The Los Angeles Police Protective League’s Board of Directors has authorized litigation on the Two-Percent Retiree health subsidy fearing the city would strip control over the retiree health subsidy increases from the Fire and Police Pension Board who historically has set the rate of the subsidy.
This comes less then six months after the LA City Attorneys Association filed it’s lawsuit in March 2012, challenging the freeze on retiree health subsidy increases, and the California Supreme Court ruling in November 2011 where the court found that, “under California law, a vested right to health benefits for retired county employees can be implied under certain circumstances from a county ordinance or resolution” that case was RETIRED EMPLOYEES ASSOCIATION OF ORANGE COUNTY, INC., v. COUNTY OF ORANGE.
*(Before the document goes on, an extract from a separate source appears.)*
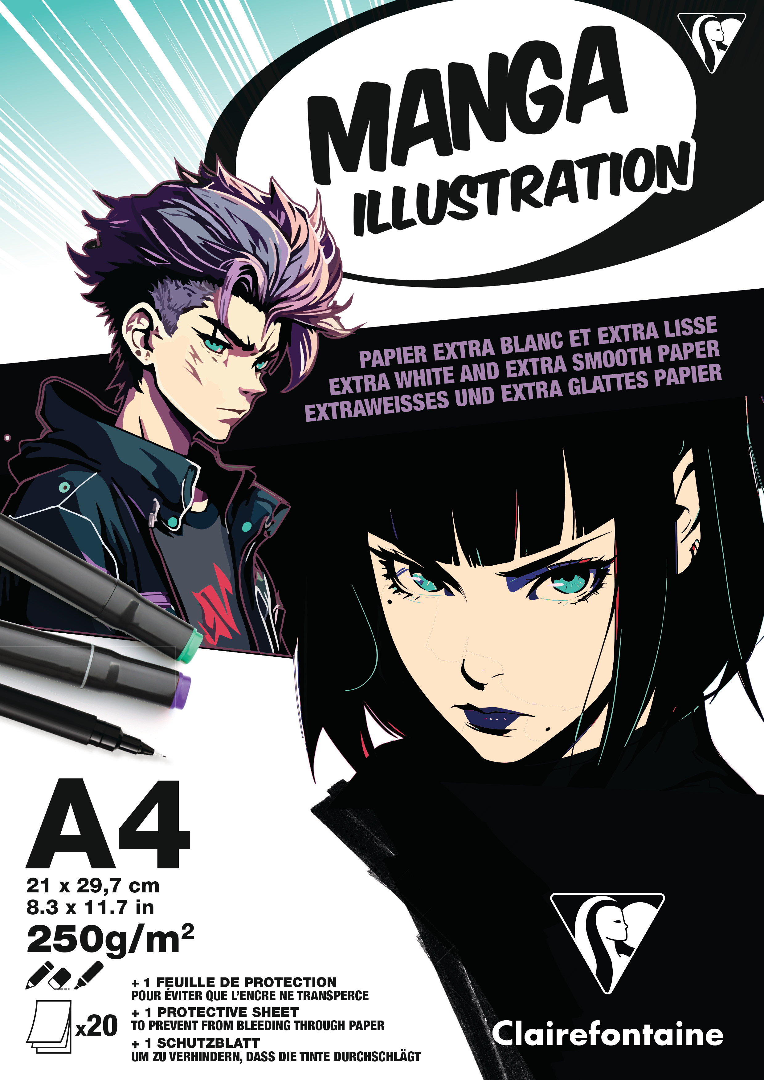 Manga Illustration, Block A4 geleimt, 20 Blatt 250g, extraweiß Extraweißes, glattes Bristolpapier aus 100% Zellulose. Die Grammatur von 250g ist ideal für Mangazeichnungen mit Bleistift, Buntstift, Feder, Tinte oder Filzstift. Dank des Schutzblattes schlagen die Alkoholmarker nicht auf das nächste Blatt durch, so dass die Seiten perfekt weiß bleiben, ohne Spuren von Alkoholtinte. Sehr widerstandsfähig: Es lassen sich Korrekturen an Zeichnungen durch Schaben oder Radieren auf dem Papier ausführen. Säurefrei und pH-neutral.

In 2011 Eric Garcetti, Matt Szabo, and Mayor Villaraigosa spearheaded an illegal removal of vested benefits forcing civilian employees to pay 4% of their salary towards the retiree health care subsidy increases, later forcing Sworn employees to choose to pay 2% for the retiree health care subsidy or forego the benefit at the time of retirement. Sworn employees normally retire up to 10 years earlier then their civilian counterparts and would require more of the subsidy in future years.
Below is the article from the LAPPL written by Vice President and LAPD Officer Corina Lee
Two percent contribution for retiree medical subsidy
The Board of Directors authorized litigation on the issue of the 2 percent contribution for the retiree medical subsidy.
The litigation is very specific to address whether or not the Los Angeles Fire and Police Pensions
(LAFPP) board has the discretion to set the annual amount of the retiree medical subsidy and/or any future
increases to the subsidy for members who are paying the additional 2 percent pursuant to the Letter of Agreement.
The LAPPL Board of Directors contends that the Letter of Agreement does not give the LAFPP board the
discretion to set the retiree medical subsidy increases.
The Letter of Agreement states employees have a vested
right to receive, upon retirement, an annual increase in subsidy of the lesser of the maximum amount (7 percent)
authorized by the Los Angeles Administrative Code (LAAC), provided all other conditions of eligibility
prescribed in the LAAC are met or the actuarial medical inflation rate will decide the increase for that year.
As new developments occur, the Board of Directors will keep the membership informed.